Published: 2016-12-18

Lower urinary tract symptoms suggestive of benign prostatic hyperplasia among Ghanaian men: a hospital-based cross-sectional prospective study

Aboah Kenneth, Agyemang-Yeboah Francis, Gyase-Sarpong Kofi Christian, Laing Edwin Ferguson, Acheampong Emmanuel, Twumasi Frimpong Benjamin, Amoah George, Batu Nsenbah Emmanuella, Adutwumwaah Asamoah Portia


Background: Lower urinary tract symptoms (LUTS) of benign prostatic hyperplasia (BPH) are common in the elderly. This study sought to determine the prevalence of LUTS among patients visiting the urology clinic at Komfo Anokye Teaching Hospital, Kumasi, Ghana and to explore its presentation patterns.

Methods: Simple randomized sampling technique was used to recruit 225 subjects with a mean age of 67.96±14.57 (range=40-100years) in a prospective cross-sectional study. LUTS related characteristics and international prostate symptom score (IPSS) questionnaire were employed to obtain relevant data.

Results: The average IPSS of the studied participants was 17.52±7.83. Based on the IPSS, the prevalence of LUTS suggestive of BPH was 88.89%. Bladder storage symptoms were also recorded at 88.59% whilst prostate enlargement based on digital rectal examination (DRE) was 60.4% among the studied subjects.  PSA levels ≥4.0ng/ml gave a prevalence of 81.5%. The prevalence of prostate enlargement defined as PSA ≥1.5ng/ml was 85.23% among the studied subjects whilst 63.11% of the subjects examined had troublesome LUTS. Urgency was the most predominantly reported LUTS (93.3%) among the subjects studied.
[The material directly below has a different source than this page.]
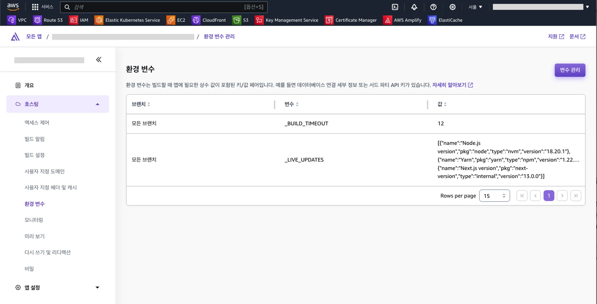3. Amplify Application의 환경 변수는 두 가지가 제공되지 않습니다.
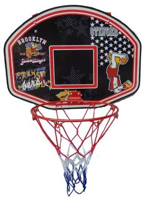Баскетболно табло (материал: пресована дървесна плоскост с дебелина 10 мм) с метален ринг и мрежа. Размер: 60×45 см. Рингът е сгъваем, диаметър: 32 см. Таблото е препоръчително за домашна стая / покрита употреба на открито, за използване с леки топки (100–150 грама). Други аксесоари: мини гумена топка, баскетболна мрежа, ръчна помпа с иглен вентил. Тегло: 2,8 кг.

Conclusions: This study has clearly shown that, the most prevalent urinary tract symptoms (LUTS) associated with benign prostatic hyperplasia were bladder storage symptoms and urgency. These symptoms when present clinically therefore, suggest benign prostatic hyperplasia and that the prevalence estimates of LUTS in older men are relatively higher at diagnosis.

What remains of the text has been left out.